Friday, 29 June 2018

the writing on the fence

I had planned to write a series of reports on our recent trip to Brussels and Cologne, but I’ve been going through the photos that I took in Manchester last week, and I’ve decided to jump ahead and post the following description of graffiti that I photographed in that city. They may not justify a special visit to Manchester, but if you’re in the city, they are worth going out of your way to see. They have all been painted on a temporary structure, so who knows how long they will remain.

It was the first day of the academic conference at Manchester Metropolitan University, where Paula would be presenting a paper. I walked with her to the university’s business school, where the conference was being held, then headed to Oxford Street, where I’d spotted a flight of steps leading down to a canal. I was a student in Manchester between 1964 and 1967, and I never knew that there was a canal running under Oxford Street, although that might have had something to do with spending all my spare time, when I wasn’t attending lectures or working in the laboratory, in the bar of the student union.

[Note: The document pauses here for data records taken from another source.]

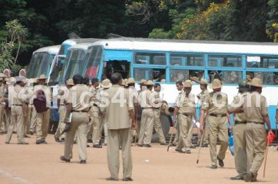 Photo Caption : Police depart for their Election Booths, deployed for the Karnataka Loksabha Elections, at City Armed Reserve (CAR) grounds, in Bangalore on Tuesday 15th April 2014
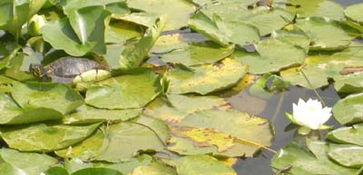 I pesci ad esempio sono stati portati qui da alcuni pescatori, le tartarughe invece da qualcuno che abitava qui in zona e che non poteva più tenerle. Questo però nel corso del tempo ha creato dei problemi perchè le numerose tartarughe si sono mangiate le uova di rana (e anche di vari insetti e molluschi) e questo ha impedito lo svilupparsi corretto della vita acquatica. Bisogna quindi imparare a rispettare gli ecosistemi, senza alterarne gli equilibri: non comperate le tartarughe!!!
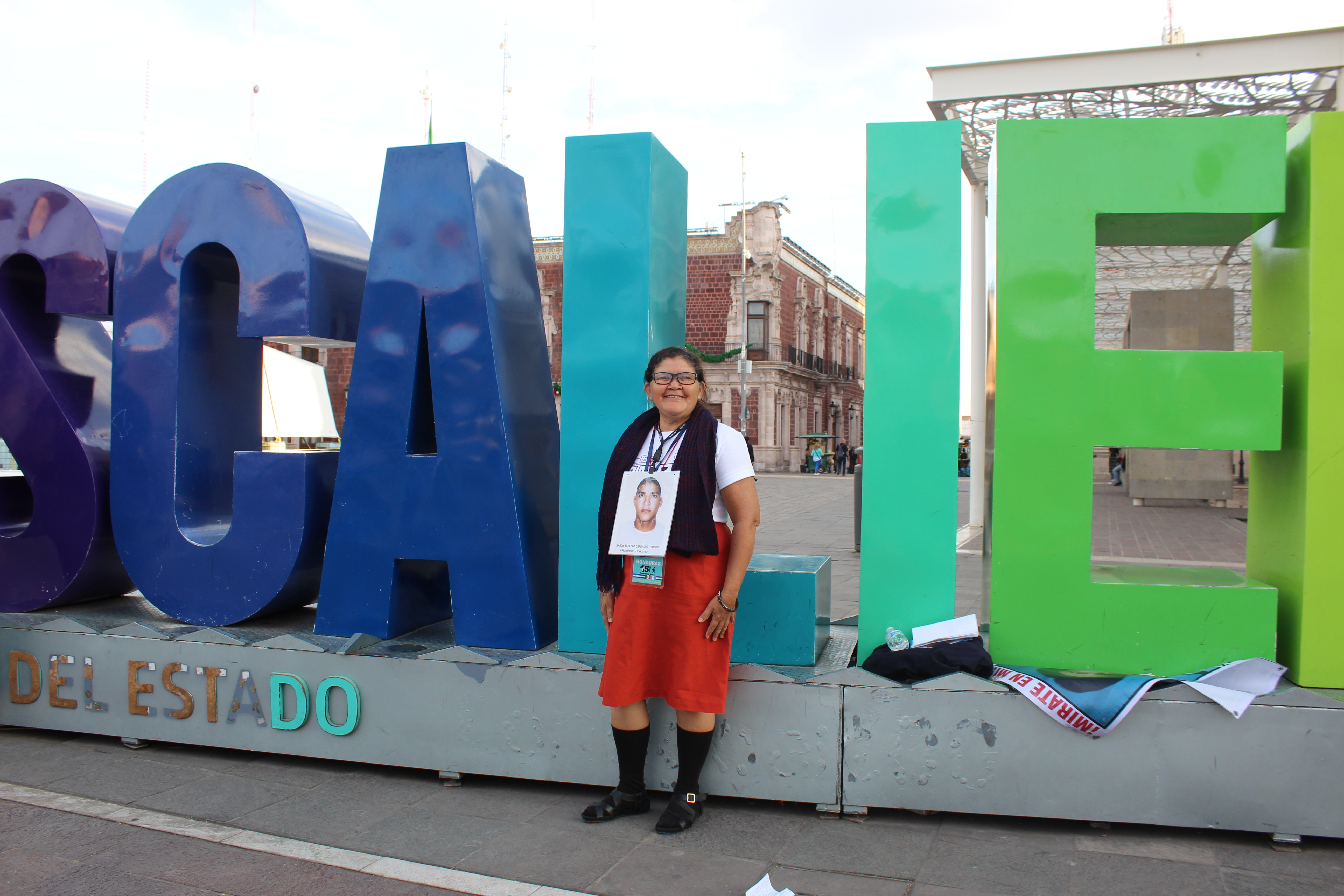 Fotografía del paso de las madres centroamericanas por Aguascalientes y Morelia en donde exigieron a las Comisiones de Búsqueda incluir en sus acciones y discursos a los migrantes desaparecidos. En la imagen una de las integrantes de la XV Caravana en Aguascalientes.
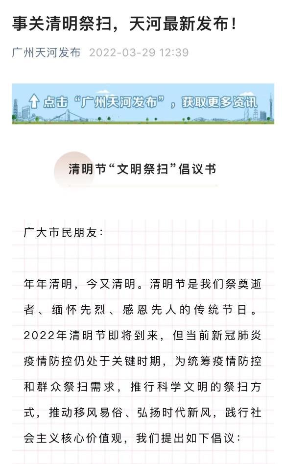 年年清明,今又清明。清明节是我们祭奠逝者、缅怀先烈、感恩先人的传统节日。2022年清明节即将到来,但当前新冠肺炎疫情防控仍处于关键时期,为统筹疫情防控和群众祭扫需求,推行科学文明的祭扫方式,推动移风易俗、弘扬时代新风,我们提出如下倡议:
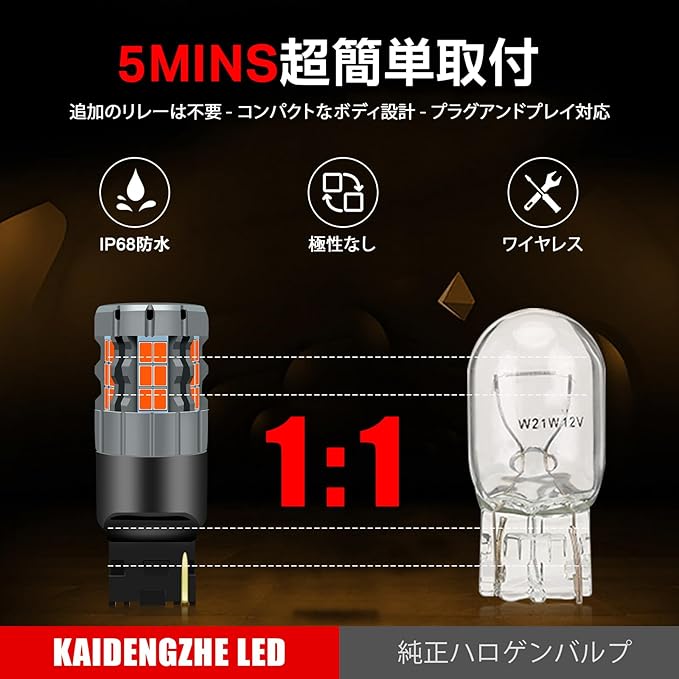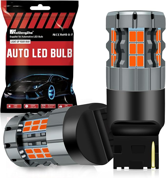 【無極性&取り付け簡単】KaiDengZhe 7440 W21W T20 LEDブレーキランプ電球は1:1ハロゲンランプ設計を採用し、古いハロゲンランプと直接交換可能で、改造は不要です。標準プラグを採用しており、車両の電球ソケットに完璧に適合します。0.01秒で瞬時に点灯し、予熱時間不要です。以下のいずれかの症状が発生した場合、お気軽に当社までご連絡ください:1. 電球が連続して点滅する;2. メーターパネルから警告音が鳴る;3. ラジオに干渉が発生する;4. いずれかの電球が点灯しない;5. 電球が車両と互換性がない。
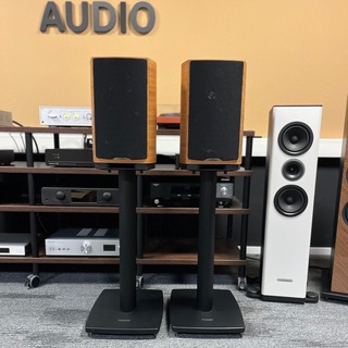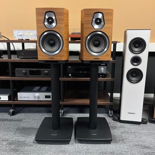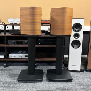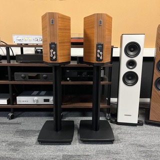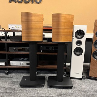Het gaat hier om een set monitor speakers uit de Sonetto II generatie 1 serie in de kleur walnut met zwarte stands.
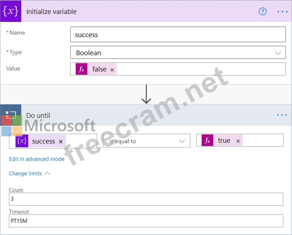 Question 7: You create the following flow. (Exhibit) Use the drop-down m...

I followed the canal towpath as far as Deansgate locks, where the canal—the Rochdale Canal—opened out into a kind of basin. It wasn’t obvious where to go next, and I didn’t think it worthwhile to simply retrace my steps, so I found myself following a busy road northwards, looking for a suitable place to turn east. It was then that I spotted some graffiti on a board fence on the other side of the road. There wasn’t a pedestrian crossing anywhere in sight in either direction, so I decided to cross where I was, which would probably have been impossible in rush-hour traffic.

Although I did photograph the first graffito, it was typical of many you see and not at all interesting. However, the second graffito provides the first indication that there is some serious talent on display here. There is only a narrow pathway between the fence and the road, so I’ve mostly had to shoot at an angle. And because this graffito is so wide, I’ve included photos taken from both left and right:



The next image includes the next graffito on the fence and part of the one after that. I’ve included both in the image because there isn’t a gap between the two, and although the encroachment is minimal, it seems clear that the left-hand graffito is the later one.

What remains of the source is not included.